Sur les frais liés à l’instance :
En raison de l’urgence, il y a lieu d’admettre, à titre provisoire, Mme B… au bénéfice de l’aide juridictionnelle. Par suite, son avocate peut se prévaloir des dispositions de l’article 37 de la loi du 10 juillet 1991. Il y a lieu, dans les circonstances de l’espèce, sous réserve que Me Danet, avocate de Mme B…, renonce à percevoir la somme correspondant à la part contributive de l’Etat et sous réserve de l’admission définitive de sa cliente à l’aide juridictionnelle, de mettre à la charge de l’Etat la somme de 800 euros à verser à Me Danet. Dans le cas où l’aide juridictionnelle ne serait pas accordée à Mme B… par le bureau d’aide juridictionnelle, la somme de 800 euros lui sera versée.
O R D O N N E :
Article 1er : Mme B… est admise, à titre provisoire, au bénéfice de l’aide juridictionnelle.

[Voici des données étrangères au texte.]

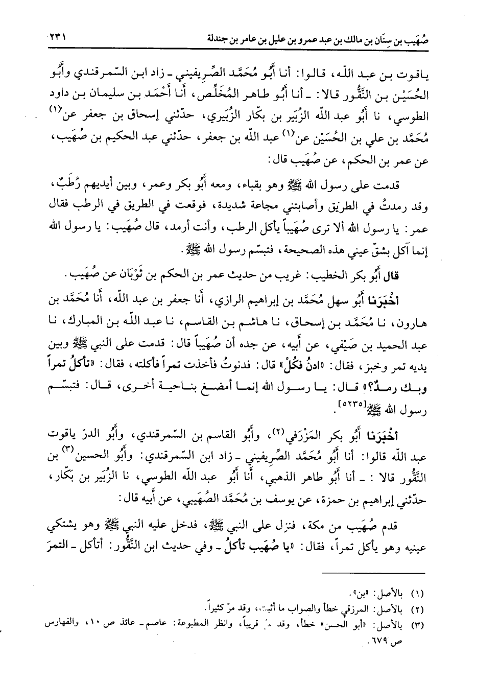 ياقوت بن عبد الله قالوا أنا أبو محمد الصريفيني زاد ابن السمرقندي وأبو الحسين بن النقور قالا أنا أبو طاهر المخلص أنا أحمد بن سليمان بن داود الطوسي نا أبو عبد الله الزبير بن بكار الزبيري حدثني إسحاق بن جعفر عن (1) محمد بن علي بن الحسين عن (1) عبد الله بن جعفر حدثني عبد الحكيم بن صهيب عن عمر بن الحكم عن صهيب قال قدمت على رسول الله (صلى الله عليه وسلم) وهو بقباء ومعه أبو بكر وعمر وبين أيديهم رطب وقد رمدت في الطريق وأصابتني مجاعة شديدة فوقعت في الطريق في الرطب فقال عمر يا رسول الله ألا ترى صهيبا يأكل الرطب وأنت أرمد قال صهيب يا رسول الله إنما آكل بشق عيني هذه الصحيحة فتبسم رسول الله (صلى الله عليه وسلم) قال أبو بكر الخطيب غريب من حديث عمر بن الحكم بن ثوبان عن صهيب أخبرنا أبو سهل محمد بن إبراهيم الرازي أنا جعفر بن عبد الله أنا محمد بن هارون نا محمد بن إسحاق نا هاشم بن القاسم نا عبد الله بن المبارك نا عبد الحميد بن صيفي عن أبيه عن جده أن صهيبا قال قدمت على النبي (صلى الله عليه وسلم) وبين يديه تمر وخبز فقال ادن فكل قال فدنوت فأخذت تمرا فأكلته فقال تأكل تمرا وبك رمد فقال يا رسول الله إنما أمضغ بناحية أخرى قال فتبسم رسول الله (صلى الله عليه وسلم) أخبرنا أبو بكر المزرقي (2) وأبو القاسم بن السمرقندي وأبو الدر ياقوت عبد الله قالوا أنا أبو محمد الصريفيني زاد ابن السمرقندي وأبو الحسين (3) بن النقور قالا أنا أبو طاهر الذهبي أنا أبو عبد الله الطوسي نا الزبير بن بكار حدثني إبراهيم بن حمزة عن يوسف بن محمد الصهيبي عن أبيه قال قدم صهيب من مكة فنزل على النبي (صلى الله عليه وسلم) فدخل عليه النبي (صلى الله عليه وسلم) وهو يشتكي عينيه وهو يأكل تمرا فقال يا صهيب تأكل وفي حديث ابن النقور أتأكل التمر

Article 2 : L’exécution de la décision du ministre de l’intérieur du 9 septembre 2025 est suspendue.
Article 3 : Il est enjoint au ministre de l’intérieur de de réexaminer la demande de visa litigieuse dans un délai de quinze jours à compter de la notification de la présente ordonnance.
Article 4 : Sous réserve de l’admission définitive de Mme B… à l’aide juridictionnelle et sous réserve que Me Danet renonce à percevoir la somme correspondant à la part contributive de l’Etat, l’Etat versera à Me Danet, avocate de Mme B…, une somme de 800 euros (huit cents euros) en application des dispositions du deuxième alinéa de l’article 37 de la loi du 10 juillet 1991. Dans le cas où l’aide juridictionnelle ne serait pas accordée à Mme B… par le bureau d’aide juridictionnelle, la somme de 800 euros (huit cents euros) lui sera versée.
Article 5 : Le surplus des conclusions de la requête est rejeté.
Article 6 : La présente ordonnance sera notifiée à Mme C… B…, au ministre d’Etat, ministre de l’intérieur et à Me Danet.
Fait à Nantes, le 9 octobre 2025.
Le juge des référés,
Y. MAROWSKI
La greffière,
L. LÉCUYER
La République mande et ordonne au ministre d’Etat, ministre de l’intérieur en ce qui le concerne ou à tous commissaires de justice à ce requis en ce qui concerne les voies de droit commun contre les parties privées, de pourvoir à l’exécution de la présente décision.